Pentecost
Pentecost
And they were all filled with the Holy Spirit…
Acts 2:1-4
Read Exodus 19:1-9
Pentecost was a Jewish festival marking the end of the grain harvest. In the Old Testament, it is called the Feast of Weeks. It occurred seven weeks after Passover. In the New Testament it is called Pentecost since it was celebrated on the fiftieth day (seven weeks) after Passover.
It was a harvest festival. Pentecost was one of the three annual festivals upon which all the male Israelites were to appear before the LORD at the temple in Jerusalem. On this day the people of Israel recalled with reverent and thankful wonder how God, who had rescued them from slavery in Egypt, had brought them to a land flowing with milk and honey. The harvests were abundant, gifts of God's grace. The people were thankful. They celebrated.

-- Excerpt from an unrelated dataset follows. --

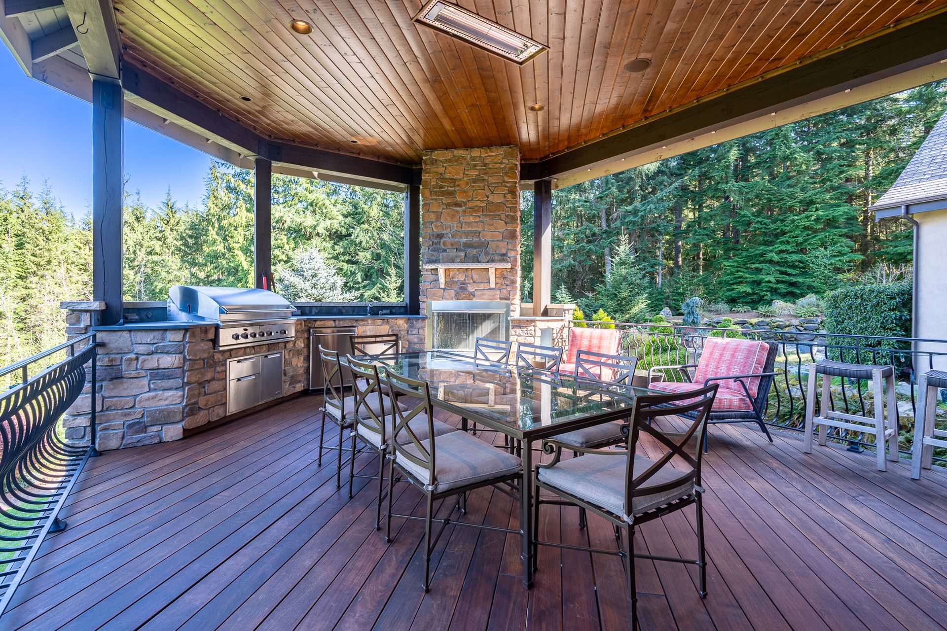 Outside, a Brazilian Redwood deck awaits, offering the perfect setting for al fresco dining under the stars. With heaters, a fireplace, and a gas BBQ, every outdoor gathering is transformed into a memorable experience.

It was a harvest festival, but the Jews also observed Pentecost as the anniversary of the day upon which the LORD had given His people the Law. From Exodus 19:1 we learn that the people of Israel came to meet the LORD at Mt. Sinai on the third new moon after God had brought them out of Egypt. As it turns out, this is seven weeks after the first Passover (Exodus 12).
The LORD God who rescued Israel from Egypt and was bringing them to a land where they would have abundant harvests met them at Sinai to give them His law of thankfulness. God said:
You must keep my covenant; you must obey my law.
The people answered: All that the LORD has spoken we will do.
But they didn't.
They did not keep God's law. They broke it, time after time. The history of Israel, since the days of Moses, is a litany of broken promises. The people, because of their sinfulness, could not keep the law.
What was God to do? He could not change His law. His law stands firm. It must be obeyed. What was God to do? Change the people! Almost 900 years after God first handed down the law to Israel, He promised that He would change the people. Through the prophet Jeremiah, God promised the exiled Jews in Babylon that He would one day write His law upon their hearts – not upon external tablets of stone but upon the internal tablets of their hearts (Jeremiah 31:31-33).
God told them even more through the prophet Ezekiel. The LORD God said that He would put His Spirit within them. He would make them walk in His statutes. He would make them observe His ordinances.
God made good on this promise on the first Pentecost after the Lord Jesus ascended into heaven. God poured the Holy Spirit out upon His church, collectively and individually. They were all filled with the Holy Spirit.
Has the Holy Spirit changed your heart from one of stone to one of flesh? Has He changed you from being a rebel who disobeys to a servant of the Lord, a child of the Father, who obeys out of love and thankfulness?
The promise is that all who repent and believe in the name of Jesus Christ for the forgiveness of sins shall receive the gift of the Holy Spirit. Believe in Jesus Christ. The Holy Spirit will make you a dwelling place of God.